Learning Flexible Multi-Modal Generative Models with Permutation-Invariant Encoders and Tighter Variational Bounds
Core Concepts
This paper proposes a new variational bound that can tightly approximate the multi-modal data log-likelihood, and develops more flexible aggregation schemes based on permutation-invariant neural networks to encode latent variables from different modality subsets.
Abstract
The paper addresses the problem of learning deep latent variable models for multi-modal data, where each sample has features from distinct sources. The authors consider a latent variable model setup, where the joint generative model factorizes as the product of the prior density and the decoding distributions for each modality.
The key contributions are:
A new variational bound that can tightly approximate the multi-modal data log-likelihood, avoiding the limitations of mixture-based bounds which may not provide tight lower bounds on the joint log-likelihood.
New multi-modal aggregation schemes based on permutation-invariant neural networks, such as DeepSets and attention models, which yield more expressive multi-modal encoding distributions compared to previous Mixture-of-Experts (MoE) or Product-of-Experts (PoE) approaches.
An information-theoretic perspective showing that the proposed variational objective can be interpreted as a relaxation of bounds on marginal and conditional mutual information.
Experiments illustrating the trade-offs of different variational bounds and aggregation schemes, and demonstrating the benefits of tighter variational bounds and more flexible aggregation models when approximating the true joint distribution over observed modalities and latent variables.

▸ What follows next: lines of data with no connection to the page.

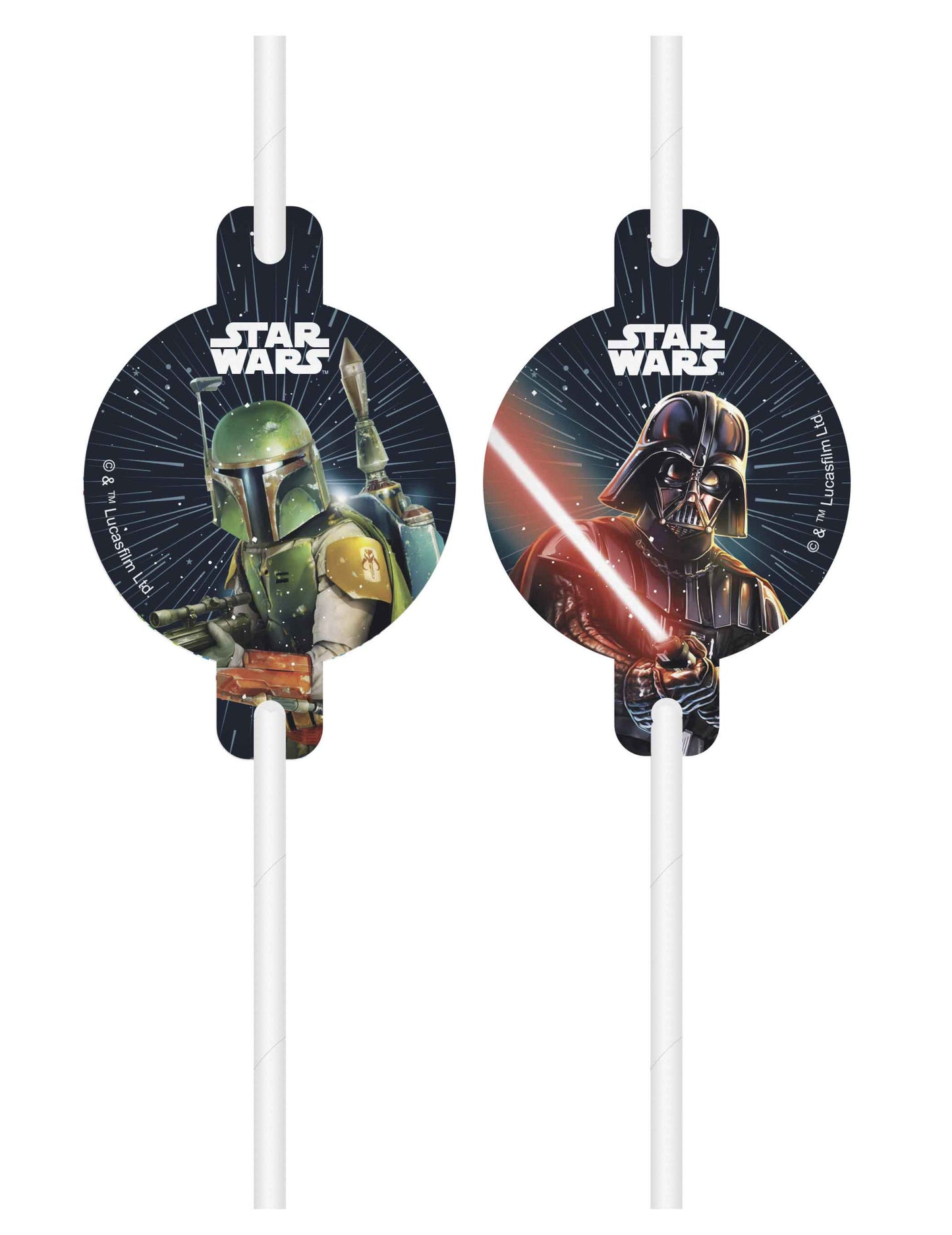 Ez a tétel a 4 Csillagok háborús medál szalmából áll, hivatalos engedély alapján. Műanyagban olyan kartonmarratokkal díszítik őket, amelyekre a Csillagok háborúja karaktereket nyomtatják, mint például a Boba Fett vagy a Dark Vader. Ezek a szalmák ideálisak lesznek az asztali dekoráció befejezéséhez egy születésnapi partiján!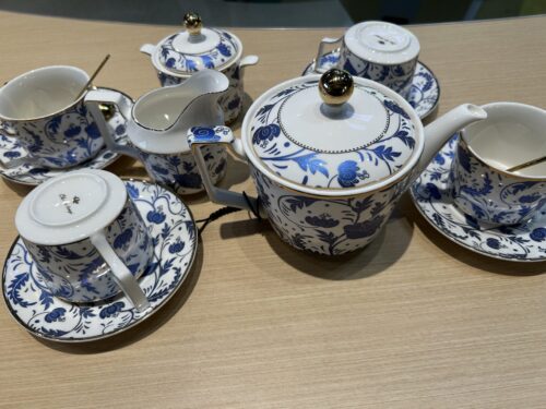 - Für 6 Personen: 1x Teekanne, 6x Tassen, 6x Löffel, 6x Untertassen, 1x Milchkännchen, 1x Zuckerdose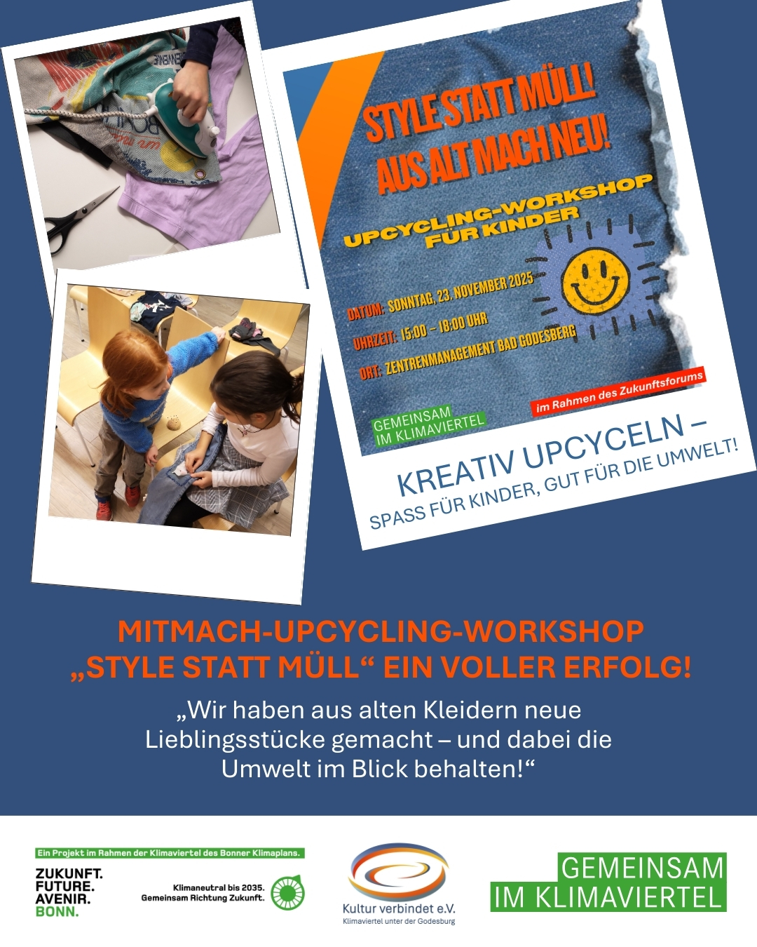 Am 23. November gestalteten Grundschulkinder in Bad Godesberg beim Upcycling-Workshop „Style statt Müll!“ aus alten Kleidungsstücken neue Einzelstücke und lernten dabei spielerisch über Nachhaltigkeit.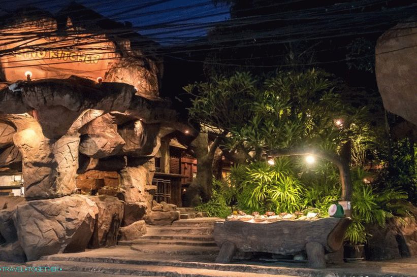 Územie reštaurácie Dino Park (Dino Kitchen) má komplex štruktúra: veľa úrovní, koľaje, mosty a chodníky atď ľudia so zdravotným postihnutím sem prišli nie čo znamená, bohužiaľ. Vonkajšia reštaurácia je zariadená originálnym nábytkom Nábytok z doby kamennej (ak taký štýl existuje). zastrešená časť reštaurácie má umelé stromy, napr nášho domáceho jedľa vyzerá trochu divne, ale so zvyškom interiéru vyzerá úplne organicky. Mimochodom, je oveľa zaujímavejšie sem chodiť večer s umelými osvetlenie – atmosféra je úplne odlišná od denného svetla.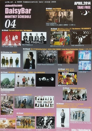 ・下北沢DaisyBar マンスリースケジュール (2014.4.4 band HANADA) |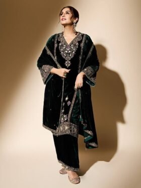Kurti Pant And Dupatta-Pure Viscose Velvet Fabrics And Sequins With Zari Embroidery work Kurti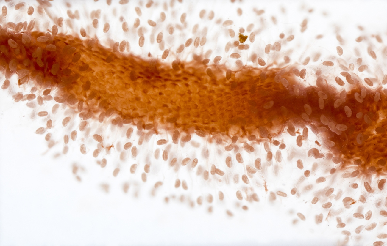 This is a conglutinate and contains the glochidia of the mussel. Dromedary pearlymussel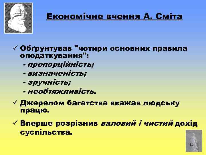 Економічне вчення А. Сміта ü Концепція ”економічної людини”. ü Учення про ”невидиму руку ринку”. ü Виразив ідеї економічного лібералізму. ü Рушійними силами економічного розвитку вважав: - економічну свободу; - конкуренцію. 13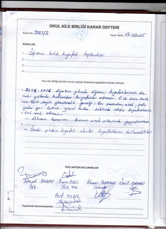 Millî Eğitim Bakanlığına Bağlı Okul Öğrencilerinin Kılık ve Kıyafetlerine Dair Yönetmelik kapsamında okul kıyafet/forması; pamuklu/yünlü, sağlıklı ve nitelikli malzemelerden, dayanıklı, hareket serbestliğini kısıtlamayan rahat kalıplı, yaş/sınıf seviyesine, okul türüne ve öğrencilerin fiziksel gelişimine uygun olacak şekilde aşağıda belirtilen standartlara uygun olarak Bakanlığımızın 5.12.2024 tarih ve 9216 sayılı yönetmeşiği gereği , 17.02.2025 Okul Aile Birlliği Kararı ile belirlenmiştir.

Learning multi-modal generative models with permutation-invariant encoders and tighter variational bounds
Stats
The joint generative model factorizes as pθ(z, x) = pθ(z) Π_s pθ(xs|z), where z is the shared latent variable across modalities.
The proposed variational bound L(x, θ, ϕ, β) = ∫ ρ(S) [LS(xS, θ, ϕ, β) + L\S(x, θ, ϕ, β)] dS, where LS and L\S are the marginal and conditional variational bounds.
The permutation-invariant aggregation schemes, such as DeepSets and Set Transformers, allow for more flexible multi-modal encoding distributions compared to MoE or PoE.
Quotes
"Devising deep latent variable models for multi-modal data has been a long-standing theme in machine learning research."
"To encode latent variables from different modality subsets, Product-of-Experts (PoE) or Mixture-of-Experts (MoE) aggregation schemes have been routinely used and shown to yield different trade-offs, for instance, regarding their generative quality or consistency across multiple modalities."
"We develop more flexible aggregation schemes that generalize PoE or MoE approaches by combining encoded features from different modalities based on permutation-invariant neural networks."
How can the proposed permutation-invariant aggregation schemes be extended to handle private latent variables in addition to the shared latent variables
The proposed permutation-invariant aggregation schemes can be extended to handle private latent variables by incorporating permutation-equivariance into the encoding distribution. This extension ensures that the encoding distribution is invariant with respect to the ordering of the encoded features of each modality, including both shared and private latent variables. By enforcing permutation-equivariance, the encoding distribution approximates the posterior distribution in a way that is unaffected by the inputs from the private latent variables when encoding the shared latent variables. This approach allows for a more flexible and robust modeling of multi-modal data, where the private latent variables can be effectively integrated into the overall variational framework.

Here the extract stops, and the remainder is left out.